Advanced Materials Technologies, Agilent Technologies, and ChromaNik all introduced new large-molecule reversed-phase columns based on SPP particles. The Advanced Materials Technology offering is a C18 chemistry based on a 160-Å SPP particle that is intended for the fast and efficient separation of peptides up to 20 kDa. Agilent Technologies has developed a 100-Å SPP-based C18 for oligonucleotide separations. ChromaNik launched a series of chemistries based on a 300-Å, 2.7‑µm SPP particle and an additional C8 bonded phase using a 300‑Å, 3.4‑µm SPP particle. This latter offering is clearly intended for larger protein separations. Lastly, Thermo Fisher Scientific introduced a 4-µm large‑pore polymeric phase modified with a phenyl moiety that promises efficient protein separation with low carryover. It is apparent from the newly developed columns that SPP and polymeric supports may provide advantages compared to traditional silica supports for many peptide, oligonucleotide, and larger-molecule reversed-phase separations.

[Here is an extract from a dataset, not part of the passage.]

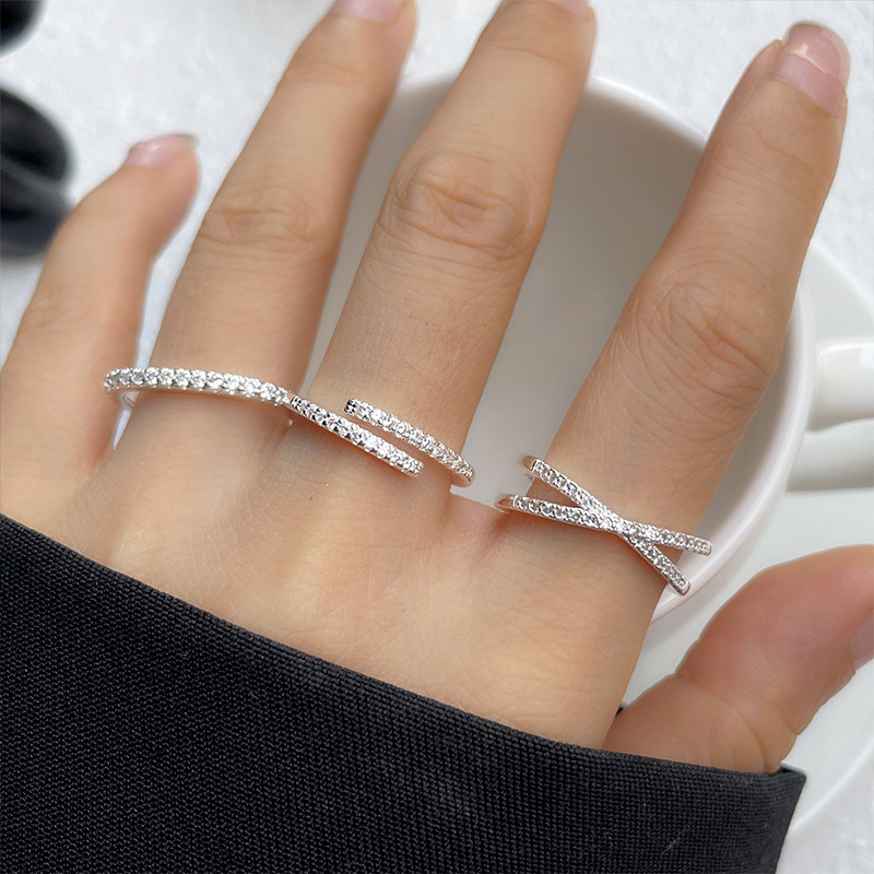 South Korea Zircon Diamond Ring Women's 925 Sterling Silver Spring and Summer Niche Light Luxury High-end Finger Ring Open Finger Ring Wholesale

Size-Exclusion Chromatography: Size-exclusion chromatography (SEC) has witnessed resurgence over the past several years because of the focus on large-molecule therapeutics. SEC, which is based on the separation of molecules by size, is highly suited for the separation of protein aggregates. Columns used in SEC are often characterized by strict control of pore size and by inert surface chemistry. Control of the pore size dictates how molecules of various sizes can diffuse into the pores while the inertness of the surface limits secondary interactions that may interfere with molecular size separation and determination.

Table 6 lists the SEC column offerings launched since Pittcon 2015. Agilent Technologies introduced a proprietary surface chemistry based on a 2.7-µm SPP particle that indicates modern particle designs initially limited to reversed-phase chromatography may find utility in SEC. Phenomenex has likewise developed an SEC column on a sub-2-µm particle with a proprietary surface treatment and inert hardware to limit nonspecific interactions. Tosoh launched a 2-µm FPP phase modified with a diol functionality, and Shodex introduced a couple of polymer‑based SEC phases with proprietary surface modifications for SEC. This latter set of columns is, perhaps, intended more for the analysis of polymers by SEC (or gel permeation chromatography, GPC) as noted in the comments column.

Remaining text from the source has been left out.